The natural history of acute pancreatitis (AP) and RAP progressing to chronic pancreatitis (CP) and the overlap in the causative factors of these three conditions suggest a continuum in their disease spectrum[11]. The lack of definitive therapy in patients with idiopathic RAP and the continuing symptoms in some of those in whom the cause has been corrected means that these patients are potentially at risk of progression to CP with the consequent risks of developing pancreatic diabetes, steatorrhea and pancreatic cancer over time.

The mechanisms underlying inflammation and pain in RAP are poorly understand but are likely to overlap with those of CP[12]. Supplementation of pancreatic enzymes and anti-oxidants, though controversial, are routinely recommended for the treatment of CP, but have not been tried in RAP[13-15]. Endoscopic pancreatic sphincterotomy, an accepted therapy in CP has been used with variable success and attendant controversies, especially in the subgroups with pancreas divisum and sphincter of Oddi dysfunction[5,8,16]. Most centers manage the pain of CP in a stepwise fashion once the underlying causative factors have been addressed - drug therapy with anti-oxidants and/or enzyme supplementation initially followed by endoscopic therapy and finally surgery for those who fail the former approaches[17,18]. We hypothesized that patients with unexplained RAP and those in whom painful inflammatory episodes continue despite treatment of the identified causative factors may benefit from supplementation of pancreatic enzymes and anti-oxidants or endoscopic pancreatic sphincterotomy and temporary stent placement. This prospective case series was designed to assess the role of a standardized protocol of initial drug therapy (DT) followed by endoscopic therapy (ET) in those failing the former, in patients with continuing painful episodes of RAP even after initial work up for definite causative factors and treatment directed at any of these detected.

MATERIALS AND METHODS

Patients with RAP seen in the Department of Gastroenterology and Hepatology, Kasturba Hospital, Manipal University, Manipal, India between January 2013 and June 2014 were eligible for the study.
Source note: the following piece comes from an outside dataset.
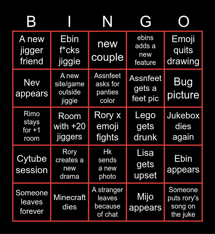 This bingo card has a free space and 24 words: Rory creates a new drama, Minecraft dies, Assnfeet asks for panties color, Someone leaves forever, Emoji quits drawing, A new jigger friend, Nev appears, Ebin f*cks jiggie, Lego gets drunk, Hk sends a new photo, Assnfeet gets a feet pic, Rimo stays for +1 room, Lisa gets upset, Ebin appears, A new site/game outside jiggie, Mijo appears, Jukebox dies again, new couple, Bug picture, Room with +20 jiggers, Someone puts rory's song on the juke, Cytube session, ebins adds a new feature and A stranger leaves because of chat.
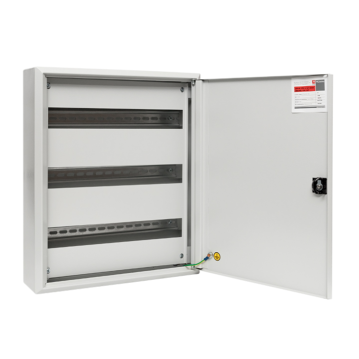 Щиты распределительные металлические серии ЩРН и ЩРВ предназначены для установки модульного оборудования. Электрический щит имеет сварной корпус и в максимальной комплектации позволяет установить девяносто одномодульных автоматических выключателей. Сварные швы и кромки металла обработаны и не имеют острых краев, способных повредить изоляцию проводов или руки монтажников. По способу установки изделия разделяются на ЩРН – навесные и ЩРВ – встраиваемые. Для покраски применяется высококачественное порошковое покрытие RAL-7035, обладающее высокой устойчивостью к внешним воздействиям. Применение уплотняющего материала, который наносится на дверку в горячем жидком виде и в процессе полимеризации приобретает высокие характеристики по износостойкост

An episode of pancreatitis was defined by any two of typical upper abdominal pain, elevation of serum amylase and lipase above three times the upper limit of normal and changes of pancreatitis on abdominal imaging. RAP was defined as 2 or more episodes of pancreatitis with complete resolution of symptoms in between in the absence of imaging changes of CP on at least two of the following imaging studies - abdominal ultrasonography, computed tomography (CT), magnetic resonance imaging (MRI), endoscopic retrograde cholangiopancreatography (ERCP), magnetic resonance cholangiopancreatography or endoscopic ultrasound (EUS). The patients underwent aetiological evaluation as per current standard of care[3,4]. Sphincter of Oddi manometry and genetic testing were not routinely done. Patients with pancreatic or periampullary carcinoma were excluded. Those undergoing therapy specifically for pseudocysts, pancreatic ascites or pleural effusion were included only if they had recurrence of pancreatic pain after the fluid collections had been tackled. Patients with treatable causes such as bile duct stones, gall bladder microcalculi, hypercalcaemia, serum triglyceride levels more than 500 mg/dL were treated appropriately and included only if recurrent episodes of pancreatitis continued to occur[19]. Those with alcoholic RAP underwent assessment and de-addiction therapy by a psychiatrist. Tobacco smokers were advised to discontinue smoking. Those with recurrence of an acute episode of pancreatitis after any treatable cause had been corrected and those in whom no treatable cause was evident were included.

Interventions

DT comprised of supplementation of pancreatic enzymes as 3 tablets (Digimax tablets, Shreya Life Sciences, Mumbai, containing protease activity of 93750 USP units per tablet) with meals per day and anti-oxidant capsules (Antoxid, Dr Reddy’s Pharma, Hyderabad) three times a day. ET involved an initial pancreatogram for defining the ductal anatomy, a 3-4 mm long pancreatic sphincterotomy and the placement of a 5 cm long, 5 French pancreatic stent with multiple side holes and a single flange at the duodenal end. Biliary sphincterotomy was done only if the initial cannulation happened to be in the bile duct or if the pancreatic duct could not accessed after repeated attempts[20]. The stents were checked for spontaneous passage and removed if still seen in situ between 3 and 6 wk after placement. Response to therapy was defined as at least 50% reduction in the severity of pain [as defined by the visual analogue score (VAS)] to a score below 5. Failure of DT, either as at entry to the study or after initiation into the study qualified the patient for ET. Those with no response to pain after initial ET were offered repeat endotherapy which involved sphincterotomy if stenosis of the pancreatic opening was encountered, and pancreatic stent placement since total pancreatectomy with islet cell transplantation is rarely performed in our country. Patients were explained the study protocol at entry, and written informed consent was obtained from all before enrollment. The protocol was approved by the Ethics Committee of Kasturba Hospital, Manipal.

Follow up

The patients were followed up at intervals of 6-12 wk or more frequently as clinically indicated. Follow up was continued for a minimum of 1 year on either of the two therapies. Abdominal pain was assessed at baseline and at each follow up visit for its severity using a VAS scale with a maximum score of 10[21]. The number of days with pain since the last follow up was assessed at each visit and averaged to the number of days with pain per month for the entire period of follow up. Quality of life was assessed in all patients aged 18 years and above using the EORTC C 30 questionnaire at baseline, when there was a change of therapy and at the end of 1 year of follow on a given therapy. The EORTC C 30 questionnaire is a validated, self-administered questionnaire with 30 questions, available in the three languages spoken by our patients[22].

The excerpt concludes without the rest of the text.